Insulation is not yet popular, or affordable in the community. Newspaper is sometimes substituted.

Whatever our mission, it’s not going to take a lot of time and I stay in the truck while my father conducts the business of the visit and we leave, retrace the dirt path to Shady Brook, turn right onto the paved road to our house. It’s the same each time we visit.

Goldie Ricks is something of a puzzle to me. For starters, most people are referred to with a first, or a last name with a prefix. Sometimes the reference is more colorful. Goldie Ricks is always called Goldie Ricks.

My father and Goldie Ricks have a relationship. Many evenings, headlights turn in at our house and someone gets up and goes to see who it is.

On occasion, the report to my father is, “It’s Goldie Ricks,” whereupon my father lays aside his paper, gets out of his chair and heads for the back porch steps and driveway. The two have an extended conversation, sometimes for an hour or more.

I am never privy to the conversations, but there is laughter and easy flowing words.

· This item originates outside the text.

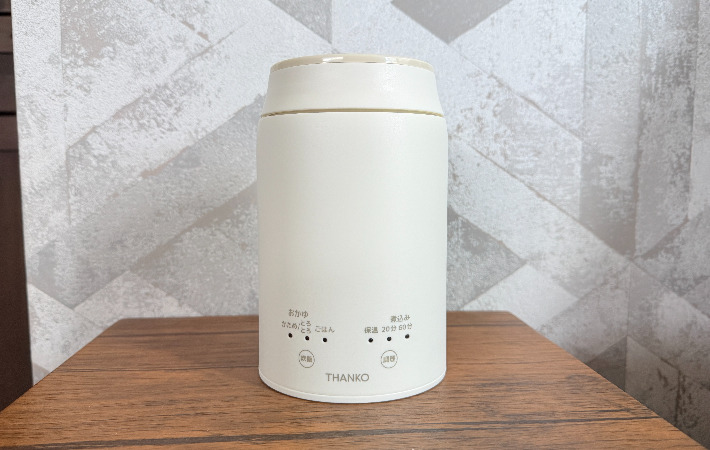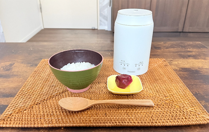 キッチンに立てない日でもOK スイッチひとつで温かいおかゆが食べられる神アイテムがこちら ホーム・キッチン By - 小林ユリ 更新:2026-03-27 ※本記事はUPDATEが独自に制作したコンテンツです。また、本記事を経由して商品の購入が発生した場合に、ECサイト等から送客手数料を受領することがあります。 在宅ワーク中心の筆者は、集中モードに入ると仕事部屋にこもりきりになります。 午前中からオンライン打ち合わせや作業に追われ、気づけば14時、15時。「そういえば今日、まだ何も食べていない…」と慌てる日も珍しくありませんでした。 在宅ワークは区切りがないので、つい食事を後回しにしてしまいがち。でもキッチンに立つ余裕がないほど忙しい時こそ、きちんと食べないと集中力が落ちてしまいます。 そこで使ってみたのが、『THANKO(サンコー)』の『持ち運びできるおかゆクッカー KayuPot』でした。 おかゆを作れる小さな家電 Amazonで見る 楽天市場で見る おかゆは消化がよく、身体にやさしい食べ物。忙しい時や食欲がない時でも食べやすく、負担が少ないのが魅力です。 長時間デスクワークをしていると、「あまり重たいものは食べたくないけど、スープだけだと物足りない」と感じることも。その点、おかゆはちょうどいい存在です。 そんなおかゆを、思い立った時に手軽に作れるのが『KayuPot』。 片手でも持てるくらいのサイズ感でスープジャーのような見た目ですが、実はヒーターが内蔵されていて、加熱調理ができるコンパクト家電です。 ご飯茶碗1杯分のおかゆをスイッチ1つでほったらかし調理できます。 計量も操作もシンプルで分かりやすい 使い方はとにかく簡単。 1.お米と水を入れる 2.フタを閉める 3.スイッチを押す たったこれだけです。 専用の計量カップが付属しているので、分量に迷うこともありません。 おかゆのモードは『かため』と『とろとろ』の2種類。 『かため』なら約25分、『とろとろ』なら約40分で完成します。セットしたら、あとはそのまま放置しておけばOK。 鍋のように吹きこぼれを気にする必要もなく、想像以上に楽でした。 できあがったら「ピーピー」という音で知らせてくれるので、仕事に集中していても気がつきやすいです。 また、炊飯が終わると自動的に2時間の保温モードへと移行。焦って食べる必要がないのも嬉しいポイントです。 デスク横で炊ける手軽さが使いやすい AC給電式なので、コンセントさえあればどこでも使用可能です。 筆者は、午前中に中身をセットして仕事机の横に置いておき、仕事が一段落ついたタイミングでスイッチを入れる使い方が定番になっています。 食欲がない時でも、ふわっと立ちのぼる蒸気を見ると自然と「ちゃんと食べよう」と思えるのが不思議です。 軽くて消化のよいおかゆだからこそ、仕事の合間にも食べやすく、午後の集中力を保ちやすくなりました。 おかゆ以外にも使えるのが便利 『KayuPot』は、おかゆ以外にも使えるのが便利なポイント。 白米を炊ける『ごはん』モードや、『煮込み』モードがあり、スープや簡単な煮込み料理にも対応しています。 少量の調理にちょうどいいサイズなので、忙しい日の1人分の軽食づくりにもぴったりでした。 また、フタには中身がこぼれにくい構造が採用されているため、食材や水を入れた状態で持ち運ぶことも可能。 自宅でセットしてそのまま持ち出し、出先でスイッチを入れて、でき立てを食べるといった使い方もできます。 ポータブル電源があれば、キャンプや車中泊といったシーンでも使えそうです。 コンパクトだからお手入れも楽 蓋部分は分解して手洗い可能です。 内釜は取り外しができませんが、内側にはフッ素加工が施されているので、汚れは落としやすい印象でした。 サイズが小さいぶん、洗う面積も少なく、サッと片づけられるのも助かるポイントです。 「これなら作って食べられる」を叶えてくれる、小さな相棒 使ってみて感じたのは、これは単なる調理家電というよりも、生活リズムを整えるための道具に近いということ。「ちゃんと食べる」という習慣を、無理なく取り戻せる感覚がありました。 おかゆ専用というニッチなアイテムではありますが、忙しい日でも食事をおろそかにしたくない人はきっと重宝するでしょう。 風邪をひいてしまった時も、これなら手軽に温かいおかゆを作って食べられそうです。 家に1つあると何かと便利な『KayuPot』、気になった人はぜひチェックしてみてくださいね。 AmazonでTHANKO『持ち運びできるおかゆクッカー KayuPot』を見る 楽天市場でTHANKO『持ち運びできるおかゆクッカー KayuPot』を見る [文・構成/UPDATE編集部] 出典 Amazon/楽天市場 関連ワード キッチン用品家電検証 この記事をシェアする Share Post LINE

Sometimes, the next day or so, someone shows up with a tractor and awhile later, with a piece of farm equipment in tow, drives off down the road toward Goldie Rick’s place. Some days later, the process is reversed.

Goldie Ricks is something of an oddity in Southampton County. Not odd in the deprecating sense or something to be disdained, but odd in the sense of rarity. Goldie Ricks is a black farmer. Black farmers are rare in Southampton County. I’m sure there are others, but Goldie Ricks is the only one I know.

I think my father was a richer man for his relationship with Goldie Ricks. I think I’m poorer for not knowing exactly what the relationship was.